## [TASK DIRECTIONS]
Repeat only the lines below that run from the line with "Continuity mistake: When" to the line with "Jumbo lump crab", ends included; skip every picture.

## [MATERIAL SUPPLIED]
────────────────

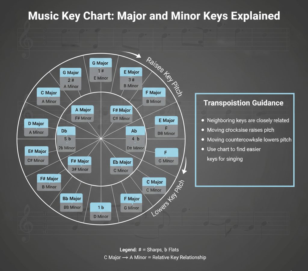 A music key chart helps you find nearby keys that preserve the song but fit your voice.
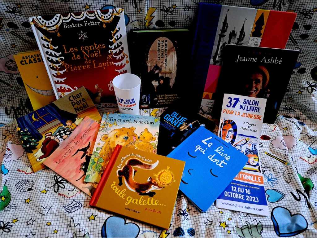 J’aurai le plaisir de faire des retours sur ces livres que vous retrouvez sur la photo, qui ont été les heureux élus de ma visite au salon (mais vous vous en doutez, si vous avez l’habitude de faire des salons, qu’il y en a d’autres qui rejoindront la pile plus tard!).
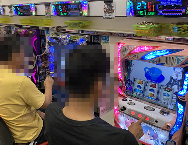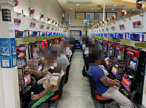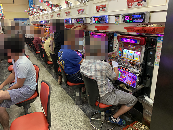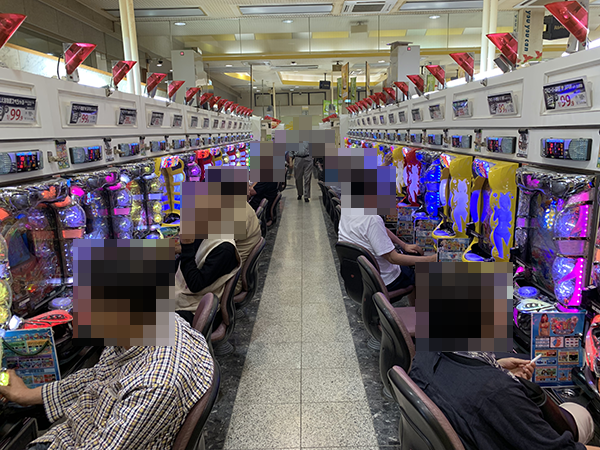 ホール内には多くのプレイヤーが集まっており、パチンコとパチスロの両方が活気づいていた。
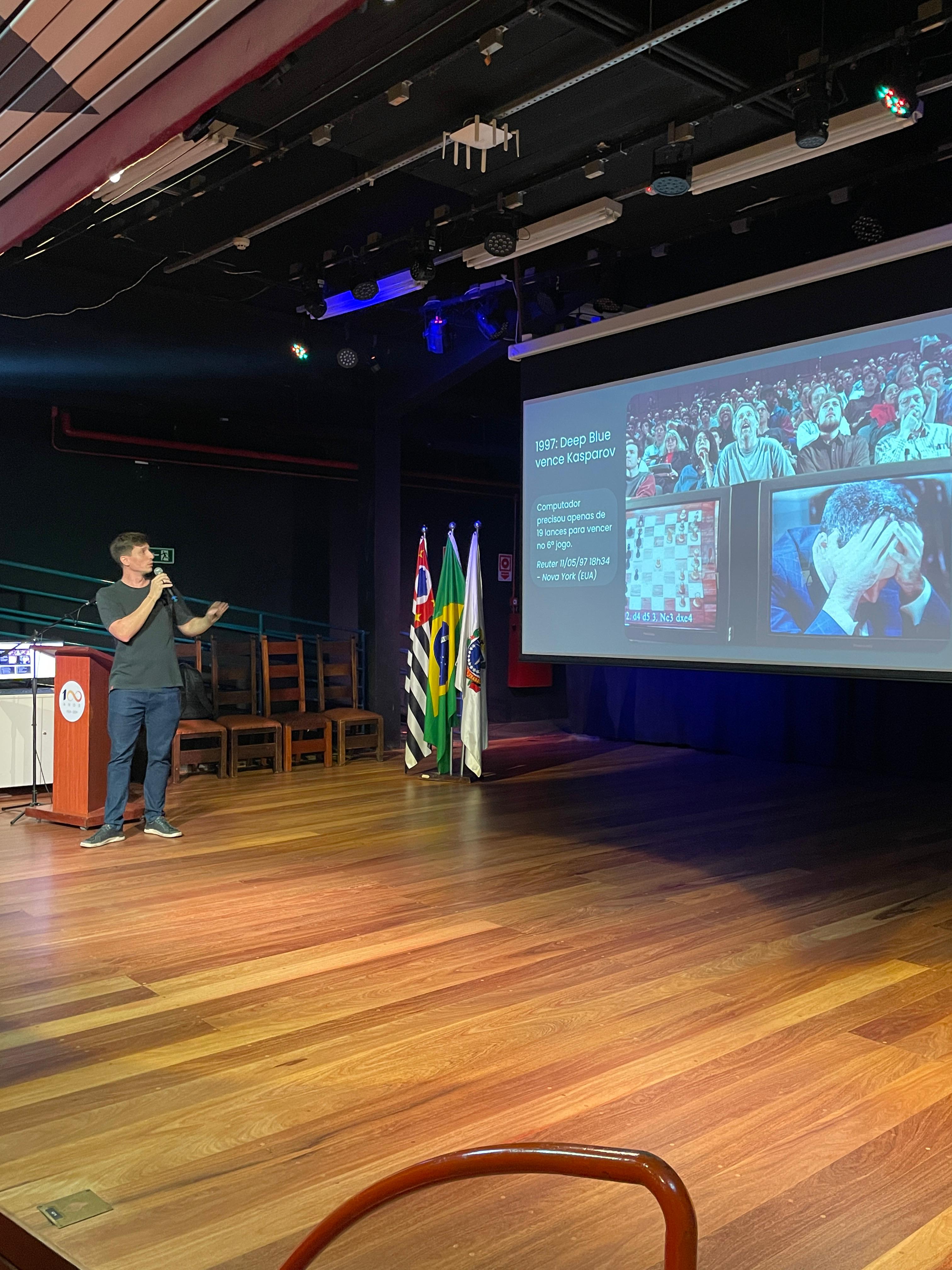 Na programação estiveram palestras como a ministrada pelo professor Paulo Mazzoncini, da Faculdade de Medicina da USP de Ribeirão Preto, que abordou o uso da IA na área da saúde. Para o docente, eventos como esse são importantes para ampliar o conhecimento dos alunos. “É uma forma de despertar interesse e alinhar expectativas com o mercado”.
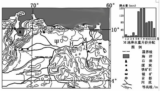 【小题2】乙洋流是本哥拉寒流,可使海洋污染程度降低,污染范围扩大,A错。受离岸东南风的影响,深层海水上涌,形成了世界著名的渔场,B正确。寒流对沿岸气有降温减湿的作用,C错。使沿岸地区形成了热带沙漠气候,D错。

────────────────

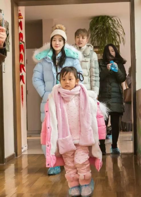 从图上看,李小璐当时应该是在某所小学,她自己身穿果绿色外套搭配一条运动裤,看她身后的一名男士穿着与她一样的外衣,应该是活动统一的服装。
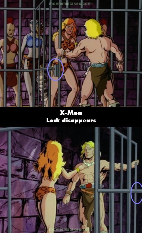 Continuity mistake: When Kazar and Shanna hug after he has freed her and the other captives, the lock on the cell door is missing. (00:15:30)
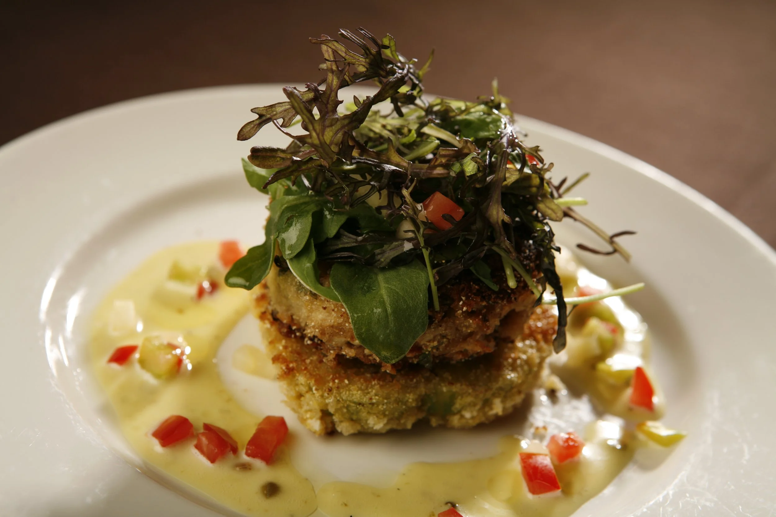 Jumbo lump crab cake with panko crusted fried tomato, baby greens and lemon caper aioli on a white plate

────────────────

## [RESPONSE BOX]
 Continuity mistake: When Kazar and Shanna hug after he has freed her and the other captives, the lock on the cell door is missing. (00:15:30)
 Jumbo lump crab cake with panko crusted fried tomato, baby greens and lemon caper aioli on a white plate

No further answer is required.